Extracted data START
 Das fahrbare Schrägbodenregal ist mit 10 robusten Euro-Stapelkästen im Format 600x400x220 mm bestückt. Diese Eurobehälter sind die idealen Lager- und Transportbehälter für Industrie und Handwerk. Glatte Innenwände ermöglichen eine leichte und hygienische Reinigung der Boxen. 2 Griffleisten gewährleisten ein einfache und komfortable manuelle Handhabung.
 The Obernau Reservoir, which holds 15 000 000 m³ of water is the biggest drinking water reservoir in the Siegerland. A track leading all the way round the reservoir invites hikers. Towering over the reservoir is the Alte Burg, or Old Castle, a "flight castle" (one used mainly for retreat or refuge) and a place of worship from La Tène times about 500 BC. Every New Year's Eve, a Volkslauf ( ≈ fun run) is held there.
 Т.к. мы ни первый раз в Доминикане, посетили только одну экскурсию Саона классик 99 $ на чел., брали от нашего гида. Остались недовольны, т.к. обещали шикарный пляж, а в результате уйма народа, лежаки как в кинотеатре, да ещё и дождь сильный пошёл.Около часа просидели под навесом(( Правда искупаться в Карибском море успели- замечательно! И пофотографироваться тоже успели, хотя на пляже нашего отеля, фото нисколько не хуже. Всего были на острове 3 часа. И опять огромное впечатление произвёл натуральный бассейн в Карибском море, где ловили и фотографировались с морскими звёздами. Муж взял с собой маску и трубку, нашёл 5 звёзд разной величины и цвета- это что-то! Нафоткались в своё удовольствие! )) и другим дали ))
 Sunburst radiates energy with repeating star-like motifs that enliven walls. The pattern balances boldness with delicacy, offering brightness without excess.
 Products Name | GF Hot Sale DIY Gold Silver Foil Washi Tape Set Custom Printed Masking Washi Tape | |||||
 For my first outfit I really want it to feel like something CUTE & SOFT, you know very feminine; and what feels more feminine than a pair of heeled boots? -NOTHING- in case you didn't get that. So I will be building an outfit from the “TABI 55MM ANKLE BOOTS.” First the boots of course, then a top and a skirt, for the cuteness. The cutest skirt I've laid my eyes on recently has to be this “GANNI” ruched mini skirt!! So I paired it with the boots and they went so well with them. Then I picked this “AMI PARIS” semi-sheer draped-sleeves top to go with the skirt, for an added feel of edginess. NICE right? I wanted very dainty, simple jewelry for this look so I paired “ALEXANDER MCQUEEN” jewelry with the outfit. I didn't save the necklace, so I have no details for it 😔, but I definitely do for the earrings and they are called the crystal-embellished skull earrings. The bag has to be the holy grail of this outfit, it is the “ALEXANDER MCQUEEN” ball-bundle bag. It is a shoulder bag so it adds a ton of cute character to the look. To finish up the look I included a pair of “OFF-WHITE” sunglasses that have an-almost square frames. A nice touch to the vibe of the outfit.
Extracted data END
Extracted data START
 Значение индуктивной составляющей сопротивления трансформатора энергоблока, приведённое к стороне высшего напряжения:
Extracted data END
Extracted data START
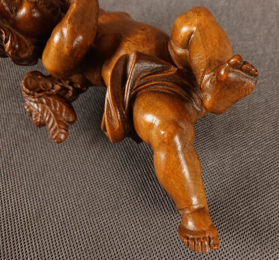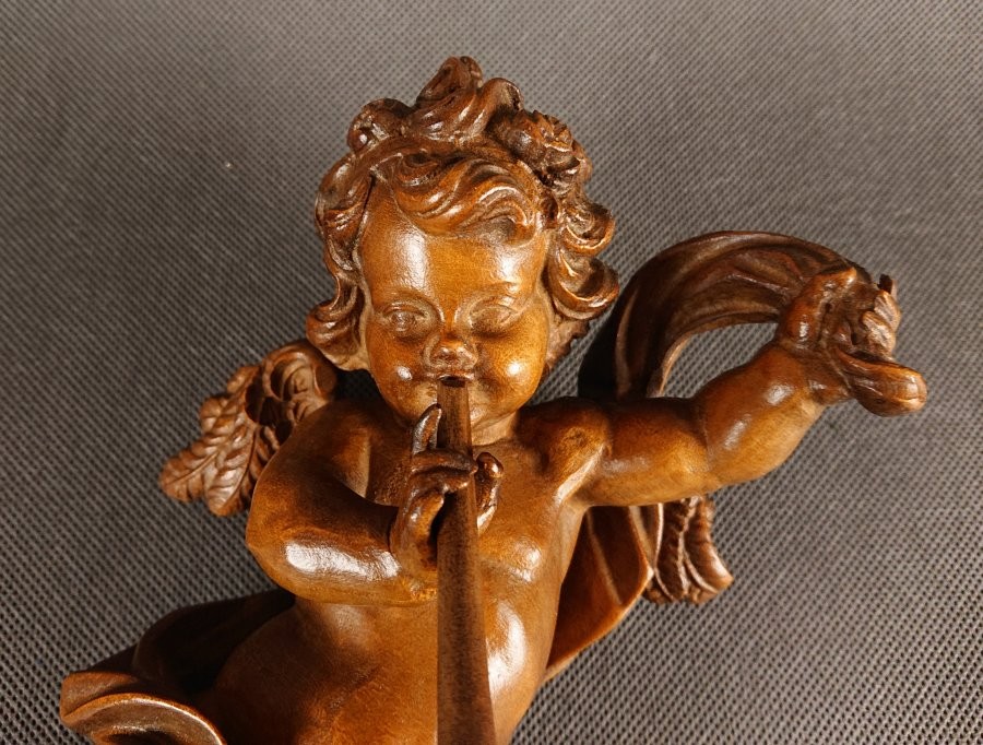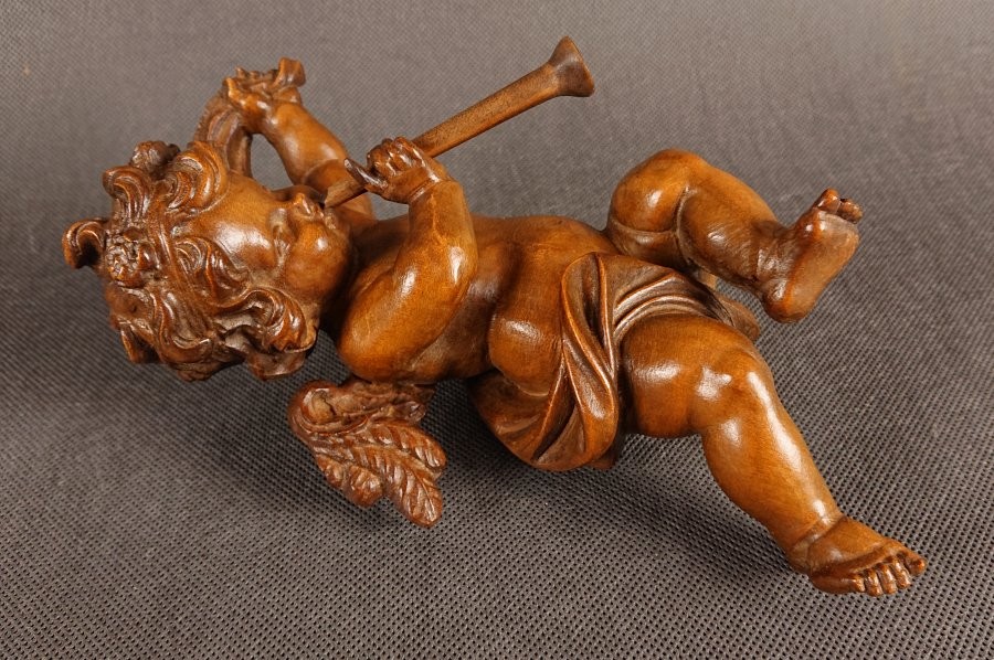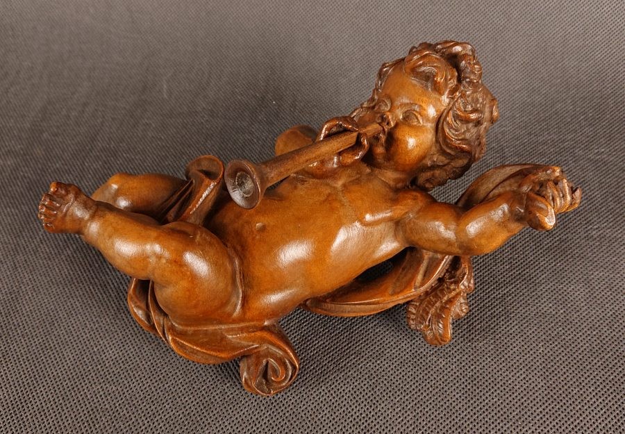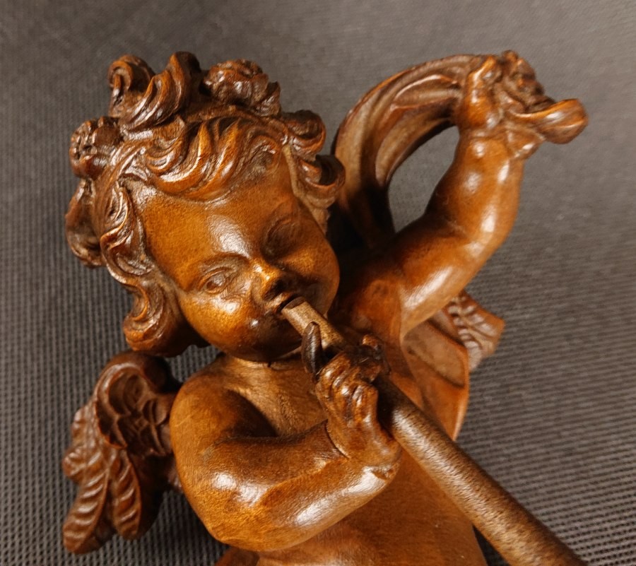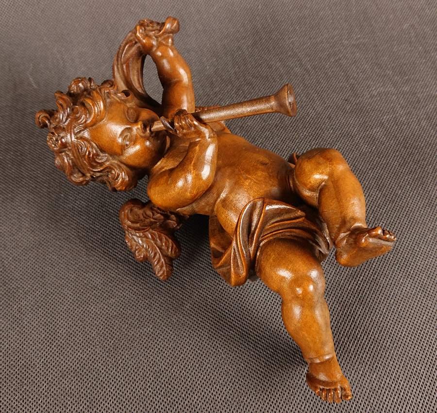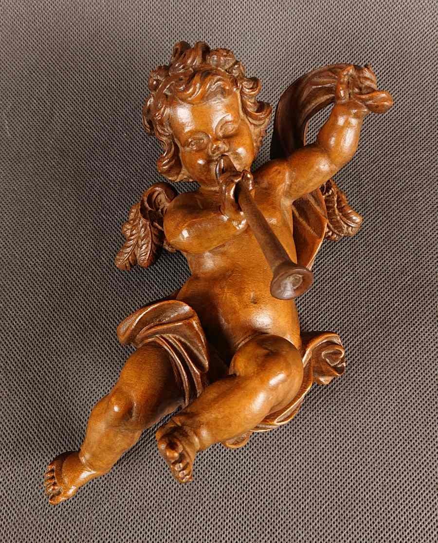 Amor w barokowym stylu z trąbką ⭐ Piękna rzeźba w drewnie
Extracted data END
- _Task objective_:
The lines to extract from the data above begin with the line containing "Т.к. мы ни первый" and end with the line containing "Products Name |". Extract them exactly, including both.

- _Solution to the exercise_:
 Т.к. мы ни первый раз в Доминикане, посетили только одну экскурсию Саона классик 99 $ на чел., брали от нашего гида. Остались недовольны, т.к. обещали шикарный пляж, а в результате уйма народа, лежаки как в кинотеатре, да ещё и дождь сильный пошёл.Около часа просидели под навесом(( Правда искупаться в Карибском море успели- замечательно! И пофотографироваться тоже успели, хотя на пляже нашего отеля, фото нисколько не хуже. Всего были на острове 3 часа. И опять огромное впечатление произвёл натуральный бассейн в Карибском море, где ловили и фотографировались с морскими звёздами. Муж взял с собой маску и трубку, нашёл 5 звёзд разной величины и цвета- это что-то! Нафоткались в своё удовольствие! )) и другим дали ))
 Sunburst radiates energy with repeating star-like motifs that enliven walls. The pattern balances boldness with delicacy, offering brightness without excess.
 Products Name | GF Hot Sale DIY Gold Silver Foil Washi Tape Set Custom Printed Masking Washi Tape | |||||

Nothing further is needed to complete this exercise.